An awareness and understanding of today's major social, political, economical and cultural changes requires adoption on the part of the curriculum. A critical curriculum design is relevant to the management change. In this reality, College professors would have the opportunities to reformulate a curriculum for their classrooms. However, they are often unwilling to develop a new curriculum and put it into practice for various reasons: These professors are constrained by lack of time due to their massive teaching, research and advisor duties as well as community partnership schedules, and they perceive resistances to change from colleagues and/or learners. As noted by McNeil (1996), even if others are not actually opposed to professors implementing a new curriculum, the anticipation of resistance can be enough to exclude critical innovations. Most critical curriculum innovations might not affect a particular classroom, but an entire College and/or campus. Without the novel approaches for developing shared norms, values, ethics and goals, and being aware of biases and stereotypes, professors are more interested in planning for their own classroom rather than for entire College and/or campus. Although it is very complicated to achieve a College's curriculum modifications through professor initiation, this change process has an increasingly profound impact upon power and authority in the College.

Purposes

In such traditional and rigid curriculums shaped by capitalist hegemony and their political and cultural aegis, few professor-learners experience the reality of democratic participations in their everyday lives.
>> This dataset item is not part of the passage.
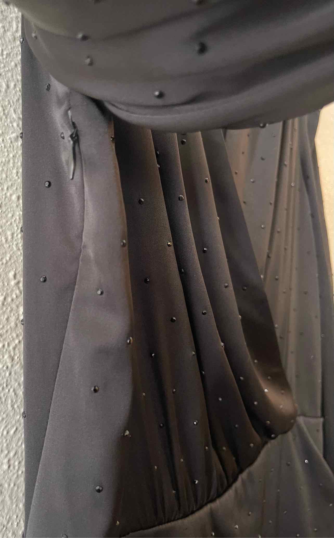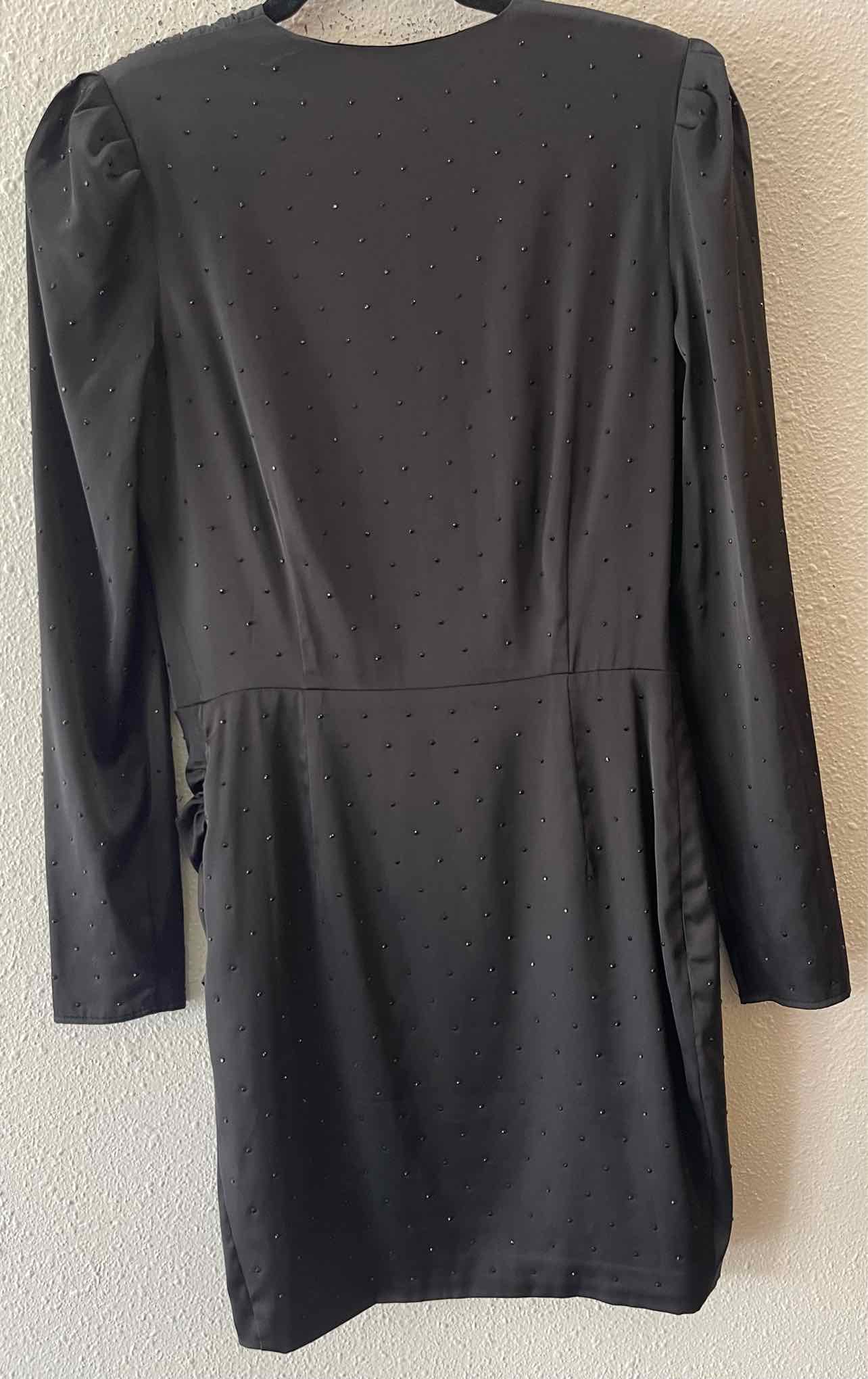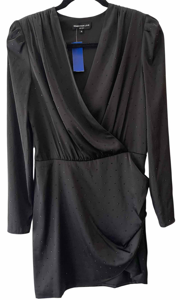 The color and crystal detailing of this Generation Love Black Size XS Dress bring a touch of glamour to authentic luxury resale. This pre-loved designer mini dress features a solid black satin fabric adorned with black crystals throughout, creating a remarkable effect for any occasion. Its deep v cut out, long sleeves, and gather-ruched side with a flap-over slit add a unique flair to women's consignment fashion. With a hidden side zip closure and "rafael crystal" embellishments, this dress combines tailored elegance with chic, modern design—all in very good condition for its next owner.

Learning, therefore, must be a boarder concept than formal conventional education. Democratic-egalitarian essentials for democratic classrooms in higher education can be able to build formal and informal progressive knowledge networks via new communication technologies. Blended Learning (BL), therefore, is a dynamic learning method to merge the gap between egalitarian values and classroom practices. BL provides professor and learners with extensive learning and communication experiences that promote the democratic way of life. This is the strong foundation of a democratic society. Dewey (1916) says that an egalitarian society “must have a type of education which gives individuals a personal interest in social relationships and control the habits of mind which secure social change without introducing disorder” (p.115).

With today's prevalence of cutting-edge technologies in higher education, BL merges diverse traditional resources and e-learning with other educational resources. Furthermore, this arrangement refers especially to combine e-learning human resources with conventional ones. These technology-based collaborations help professors and learners to make democratic decisions for dialogic leadership. These engagements increase awareness of their own identities and differences, and help to define the democratic values associated with equalized of access to human rights. These partnerships require interactive classroom managements and dialogic leaderships for democratic decisions. On the other hand, as noted by Bonk and Graham (2006), Campbell and Hanlis (2002), Grund, Grote and Gerber (2004), Oliver and Trigwell (2005), Sharma (2003), and Whitelock and Jelfs (2003), there is a need for a critical curriculum design for effective BL in higher education. To develop a common vision of social justice, this new curriculum must involve professors and learners in an egalitarian decision-making process. Within the context of these concerns, this paper focuses on the following four main issues:

1. How do professors and learners deeply engage in developing a critical curriculum design for BL in higher education? How does this new approach provide them with alternative holistic forms and scaffolding strategies of social justice? What are the philosophical foundations and backgrounds of interactive classroom management needed to accelerate democratic transformations?

2. What are the possibilities and potentials of a critical curriculum design for BL in higher education? How can these opportunities engage them in critical civic responsibilities and powerful social actions? What are the strategies, principles and challenges of interactive classroom management?

3. What are the unique and diverse perspectives, a n d also methodological strengths and weaknesses of BL in higher education? How does BL obtain genuine equal opportunities and democratic participations in interactive classroom management to build knowledge networks which are not characterized by power, dominance, hierarchy and competition?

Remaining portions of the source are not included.